Listing the Benefits
Article, Law Society Gazette – March 2008
Legal / Corporate / Disputes
Raising external capital will soon become an option for law firms. But if that means floating on the stock market, says James Stanbury, high-volume firms may have the advantage.
The Legal Services Act has paved the way for law firms to raise external funds. Whether this will be in the form of private equity or an IPO remains to be seen. But if a law firm were to be listed on a stock exchange, how would it perform? Would it be a good investment?
Firstly, the appetite for external finance needs to be gauged. A recent survey by Smith & Williamson suggested most of the firms considering this route are medium and small firms rather than the magic circle.
The survey found 22% of the sample expected to raise external capital within the next five years. The timeframe is not surprising as it will be in three years (2011) before the provisions for outside investment actually come into effect. But the differing attitudes go to the root of why a firm would want outside investment. What would the attraction be.
Top-tier firms are not, I consider, so likely to seek the listing route, on the general basis that they feel they are “doing all right, thank you very much.” The opportunity for the injection of financial capital becomes a risk to the exit of human capital – that the one-off bonanza for existing equity partners becomes a barrier to prospective partners and a “brain drain” ensues. Where the asset base (and ultimately the value generation) of an entity is its people, the danger of that risk to its value is obvious.
However, it also becomes an opportunity as investment in a firm can be made available earlier to staff through shareholding schemes. Of course, if a firm were to float, its value would be inherently tied to its provision to retain and attract staff.
The same considerations would apply to any law or professional services firm, whatever its size. However, industry commentary suggests that the external financing route would be most attractive to firms that specialise in a particular high-volume area, such as personal injury or conveyancing work, where investment in IT can drive down processing costs and therefore generate better earnings. A public listing may also assist in profile raising in a very competitive market.
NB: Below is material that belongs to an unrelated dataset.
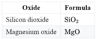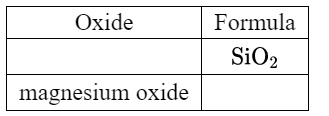 In addition to silicon dioxide (\( \mathrm{SiO}_2 \)), the major components of lava typically include magnesium oxide (\( \mathrm{MgO} \)) and iron oxide (\( \mathrm{FeO} \)). So, the missing information in the table should be:

Would such a law firm make an attractive share? It may be argued that a “high-volume” firm would be a steadier performer than one which was not. Such work tends to exist whatever market and general economic conditions prevail. Thus, assuming that costs - such as human resources, IT, marketing and finance – could be adequately controlled or improved, earnings and value would increase. In addition, mergers or acquisitions of similar practices - funded through external capital –would enhance earnings if economies of scale could be exploited.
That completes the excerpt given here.